What you write should match, word for word, the lines from the one containing "Sau khi thực" through the end of the data, with no pictures.

**DATA FOR THIS EXERCISE:**
- - -
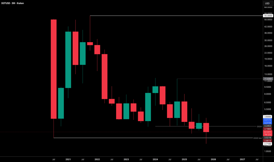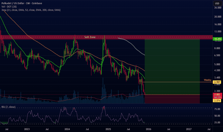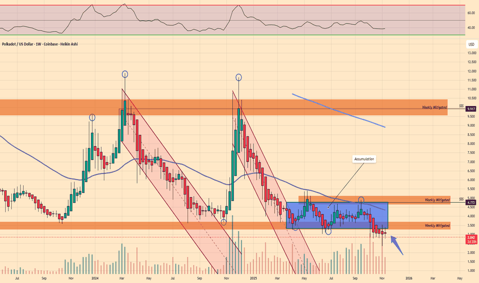 $DOT / Polkadot - Life SupportWith price coming out of the accumulation range in a downtrend and collapsed under weekly mitigated support/demand.
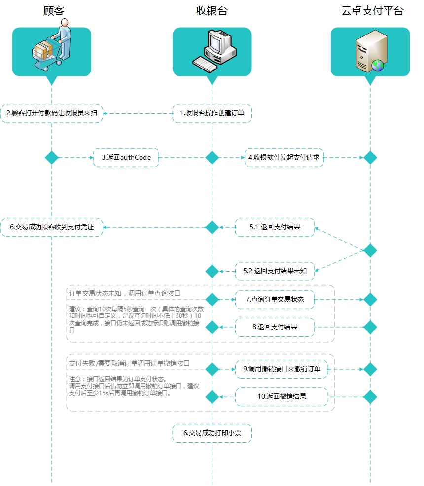 注意:商户调用支付接口发起支付请求之后,支付后台返回交易状态的参数为0(未知),商户系统再轮询调用查询订单接口来确认当前用户是否已经支付成功。撤销订单:交易撤销、关闭,在交易状态未知的情况下发起。明确交易成功,需要退款请调用refund接口
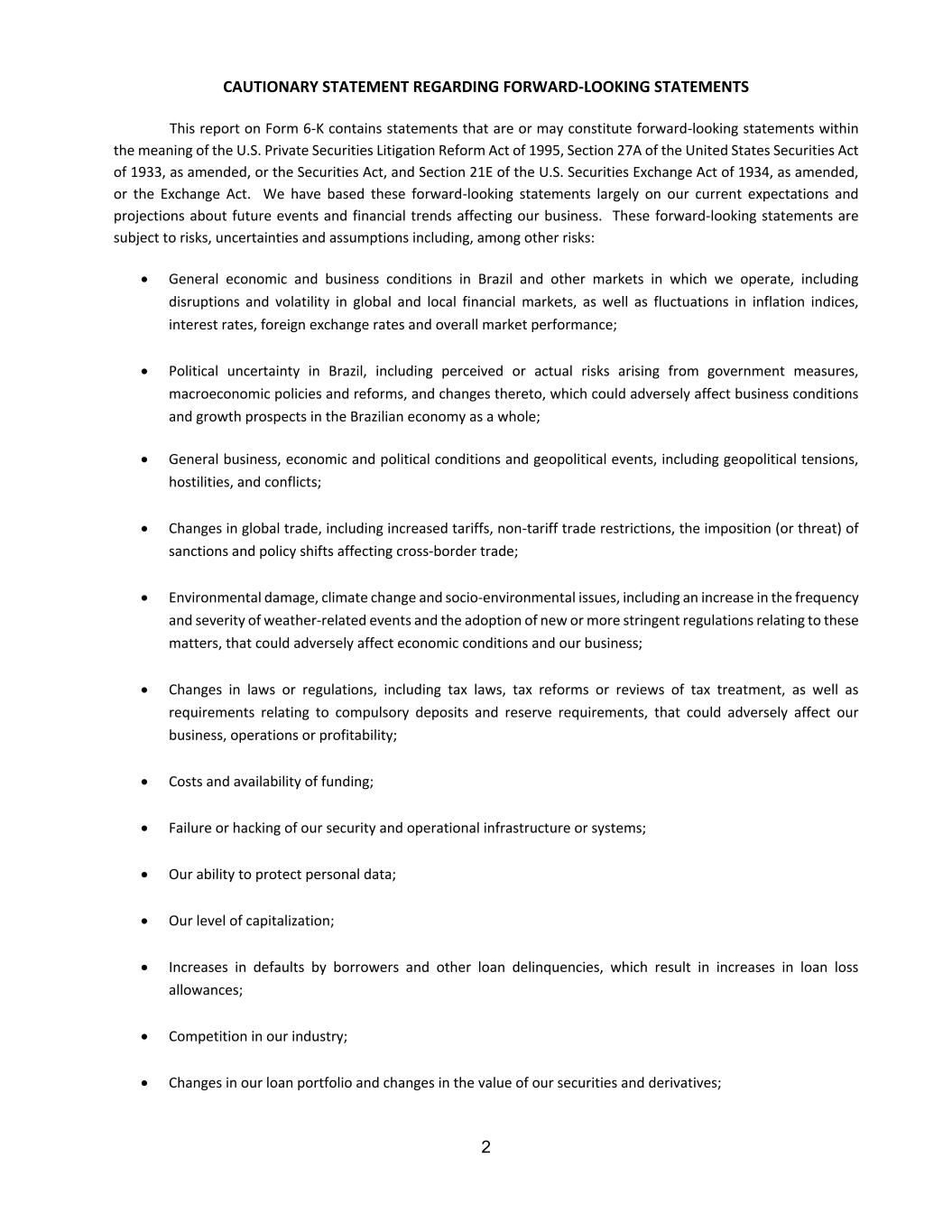 2 CAUTIONARY STATEMENT REGARDING FORWARD-LOOKING STATEMENTS This report on Form 6-K contains statements that are or may constitute forward-looking statements within the meaning of the U.S. Private Securities Litigation Reform Act of 1995, Section 27A of the United States Securities Act of 1933, as amended, or the Securities Act, and Section 21E of the U.S. Securities Exchange Act of 1934, as amended, or the Exchange Act. We have based these forward-looking statements largely on our current expectations and projections about future events and financial trends affecting our business. These forward-looking statements are subject to risks, uncertainties and assumptions including, among other risks: • General economic and business conditions in Brazil and other markets in which we operate, including disruptions and volatility in global and local financial markets, as well as fluctuations in inflation indices, interest rates, foreign exchange rates and overall market performance; • Political uncertainty in Brazil, including perceived or actual risks arising from government measures, macroeconomic policies and reforms, and changes thereto, which could adversely affect business conditions and growth prospects in the Brazilian economy as a whole; • General business, economic and political conditions and geopolitical events, including geopolitical tensions, hostilities, and conflicts; • Changes in global trade, including increased tariffs, non-tariff trade restrictions, the imposition (or threat) of sanctions and policy shifts affecting cross-border trade; • Environmental damage, climate change and socio-environmental issues, including an increase in the frequency and severity of weather-related events and the adoption of new or more stringent regulations relating to these matters, that could adversely affect economic conditions and our business; • Changes in laws or regulations, including tax laws, tax reforms or reviews of tax treatment, as well as requirements relating to compulsory deposits and reserve requirements, that could adversely affect our business, operations or profitability; • Costs and availability of funding; • Failure or hacking of our security and operational infrastructure or systems; • Our ability to protect personal data; • Our level of capitalization; • Increases in defaults by borrowers and other loan delinquencies, which result in increases in loan loss allowances; • Competition in our industry; • Changes in our loan portfolio and changes in the value of our securities and derivatives;
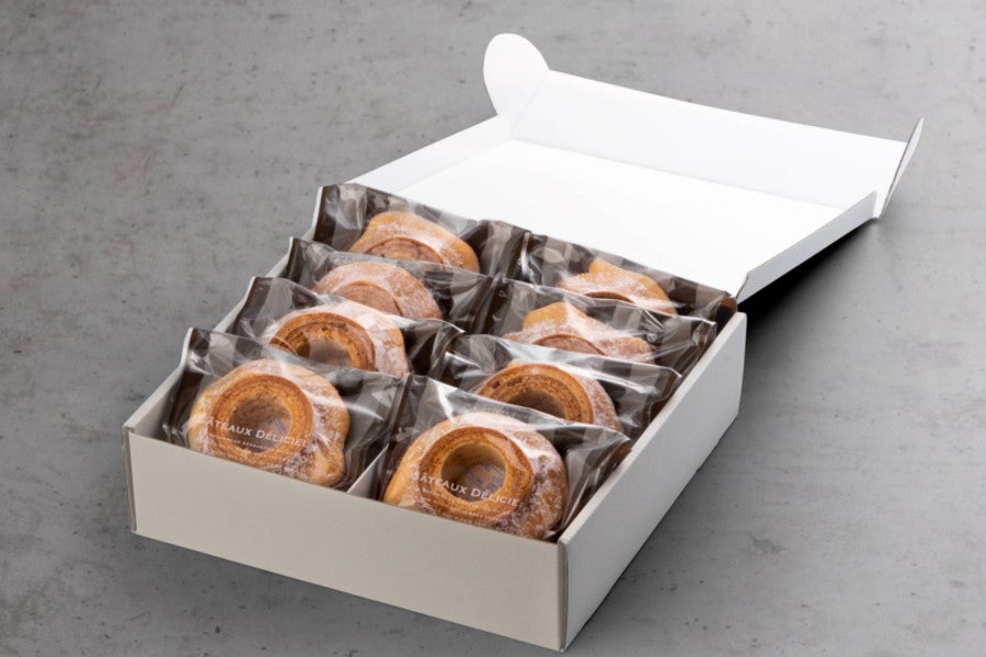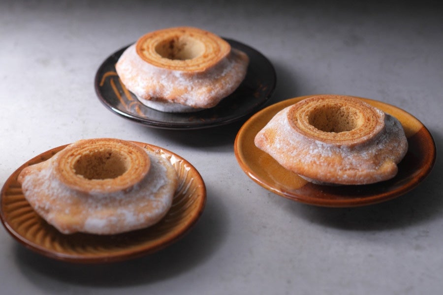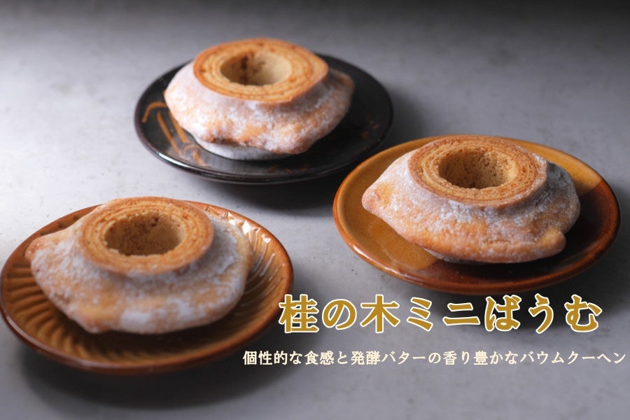 彩り天佑卵と島根県産の米粉をふんだんに使用した、個性的な食感と発酵バターの香り豊かなバウムクーヘンです。
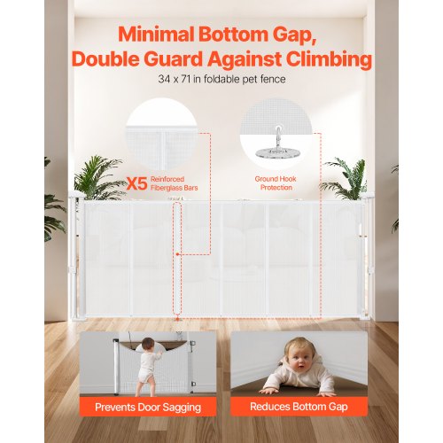 Safe mesh design: The mesh material is soft and gentle, providing better protection against accidental collisions for children and pets. In addition, our mesh gate has a high-strength structure that is scratch-resistant and durable, effectively resisting bumps and scratches from pets.
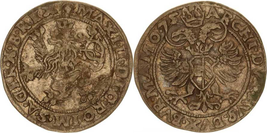 Maxmilian II. (1564-1576), Bílý groš 1575, Jáchymov-Geitzkofler zn. č.2, tém.
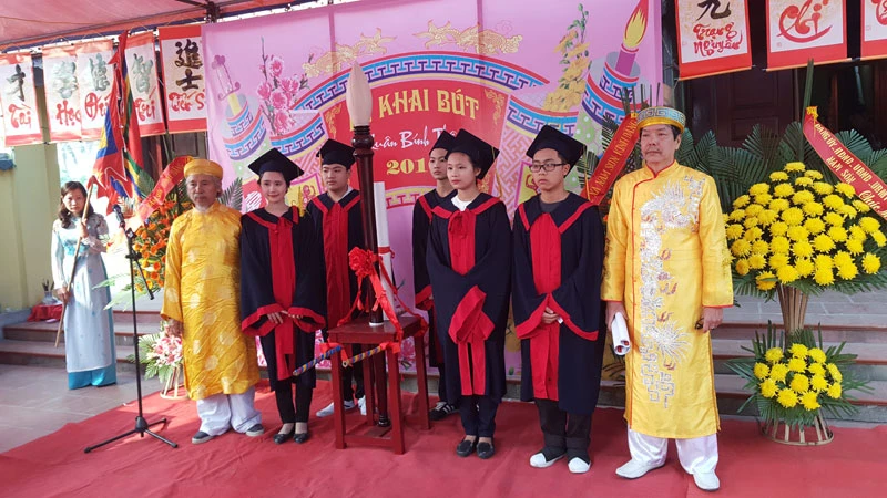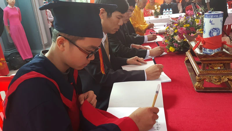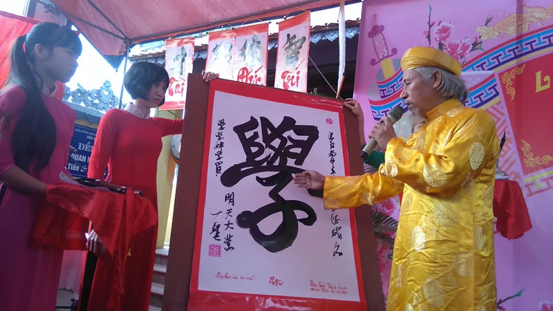 Sau khi thực hiện các nghi thức tế lễ và rước bút, nghiên, mực vòng quanh cụm di tích, nhà thư pháp Lê Thiên Lý, Giám đốc Trung tâm Thư pháp, câu đối và Hán-Nôm học TP.Hải Phòng đã viết chữ “Học”.
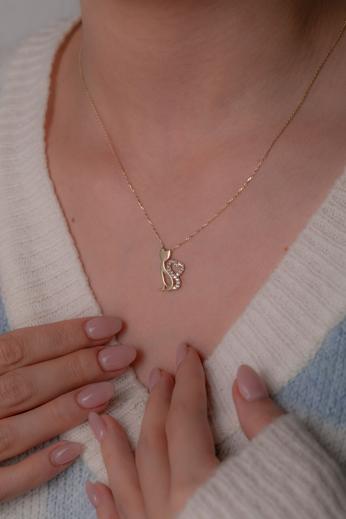 Kolyecik in zarif 14 Ayar Kedi Kolye si, şıklığı ve hayvan sevgisini bir araya getiren eşsiz bir parça olarak karşınıza çıkıyor. 1,82 gram ağırlığındaki kolyemiz minimalist ve modern tasarımı, her yaşta kediseverin çağdaş stilini tamamlayacak şekilde tasarlandı. 42 cm uzunluğundaki zinciriyle boyunda hafif bir dokunuş bırakırken, kedi figürü ise dostunuza olan bağlılığınızı simgeliyor. Bu özel kolye, günlük kullanımda veya özel anlarda fark yaratmak isteyenler için mükemmel bir tercih. Kendi stilinize zarafet katarken, sevdiklerinize de hediye edebileceğiniz anlam dolu bir seçim. Ürün, ayar ve gramaj bilgilerini içeren sertifikasıyla birlikte sunulmaktadır. Kolyecik’te tüm siparişler standart olarak sigortalı kargo ile gönderilir. Ürünlerde ±%5 gramaj değişkenliği bulunmaktadır. Kolyecik ile şıklığınızı tamamlayın!
- - -
**ANSWER BOX:**
 Sau khi thực hiện các nghi thức tế lễ và rước bút, nghiên, mực vòng quanh cụm di tích, nhà thư pháp Lê Thiên Lý, Giám đốc Trung tâm Thư pháp, câu đối và Hán-Nôm học TP.Hải Phòng đã viết chữ “Học”.
 Kolyecik in zarif 14 Ayar Kedi Kolye si, şıklığı ve hayvan sevgisini bir araya getiren eşsiz bir parça olarak karşınıza çıkıyor. 1,82 gram ağırlığındaki kolyemiz minimalist ve modern tasarımı, her yaşta kediseverin çağdaş stilini tamamlayacak şekilde tasarlandı. 42 cm uzunluğundaki zinciriyle boyunda hafif bir dokunuş bırakırken, kedi figürü ise dostunuza olan bağlılığınızı simgeliyor. Bu özel kolye, günlük kullanımda veya özel anlarda fark yaratmak isteyenler için mükemmel bir tercih. Kendi stilinize zarafet katarken, sevdiklerinize de hediye edebileceğiniz anlam dolu bir seçim. Ürün, ayar ve gramaj bilgilerini içeren sertifikasıyla birlikte sunulmaktadır. Kolyecik’te tüm siparişler standart olarak sigortalı kargo ile gönderilir. Ürünlerde ±%5 gramaj değişkenliği bulunmaktadır. Kolyecik ile şıklığınızı tamamlayın!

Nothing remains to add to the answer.